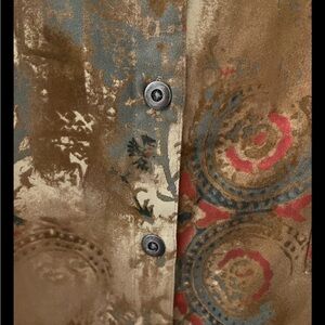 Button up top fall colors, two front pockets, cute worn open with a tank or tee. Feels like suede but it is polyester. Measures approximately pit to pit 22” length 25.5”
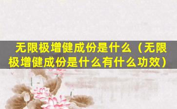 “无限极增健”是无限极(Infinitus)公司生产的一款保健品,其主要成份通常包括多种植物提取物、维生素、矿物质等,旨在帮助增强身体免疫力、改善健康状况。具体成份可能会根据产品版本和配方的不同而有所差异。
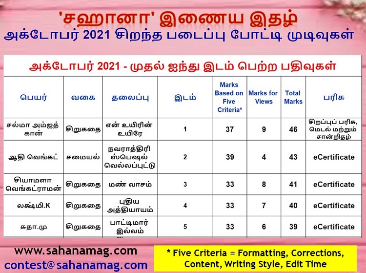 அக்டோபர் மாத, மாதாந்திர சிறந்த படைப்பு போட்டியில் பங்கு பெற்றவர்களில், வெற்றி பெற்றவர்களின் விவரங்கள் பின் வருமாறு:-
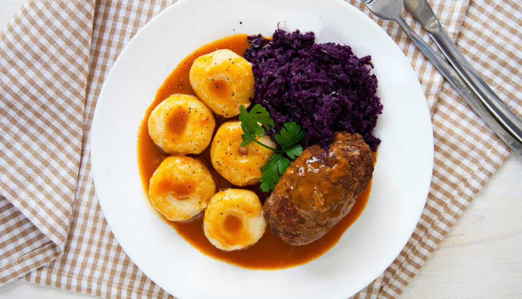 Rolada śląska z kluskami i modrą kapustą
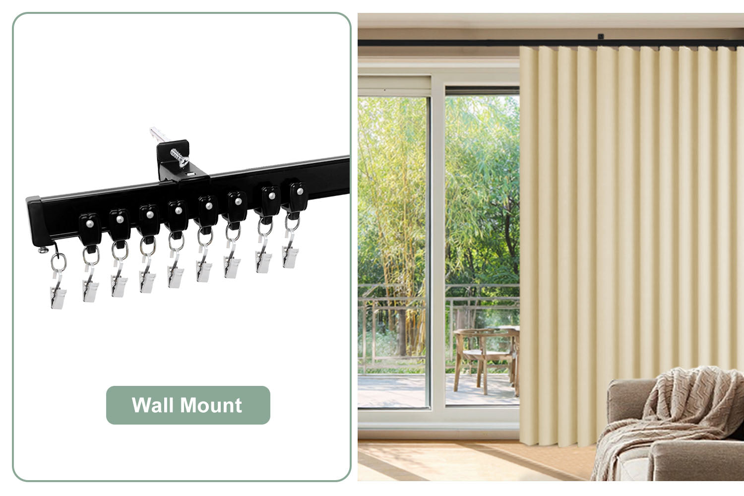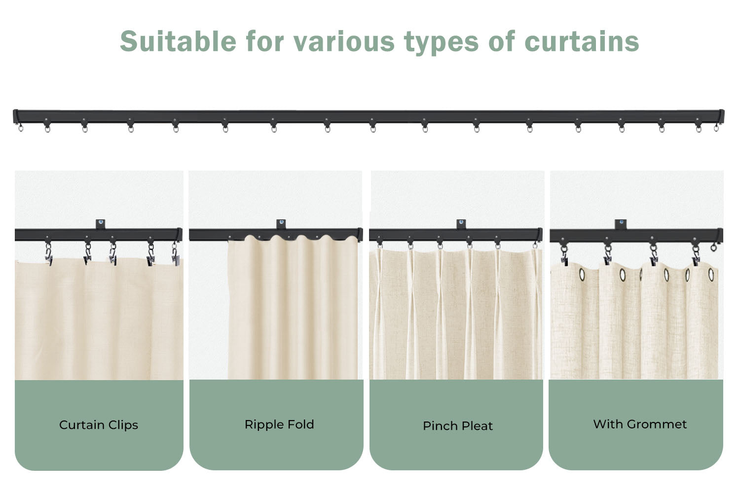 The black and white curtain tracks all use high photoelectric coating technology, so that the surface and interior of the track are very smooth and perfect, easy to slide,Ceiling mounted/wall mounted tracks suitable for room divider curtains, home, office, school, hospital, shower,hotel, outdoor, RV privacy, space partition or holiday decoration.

---*---

WHAT IS EXPECTED: Starting at the line that contains "அக்டோபர் மாத, மாதாந்திர", retype every line through the end of the material exactly as written, including both end lines but no pictures.

PROBLEM SOLUTION:
 அக்டோபர் மாத, மாதாந்திர சிறந்த படைப்பு போட்டியில் பங்கு பெற்றவர்களில், வெற்றி பெற்றவர்களின் விவரங்கள் பின் வருமாறு:-
 Rolada śląska z kluskami i modrą kapustą
 The black and white curtain tracks all use high photoelectric coating technology, so that the surface and interior of the track are very smooth and perfect, easy to slide,Ceiling mounted/wall mounted tracks suitable for room divider curtains, home, office, school, hospital, shower,hotel, outdoor, RV privacy, space partition or holiday decoration.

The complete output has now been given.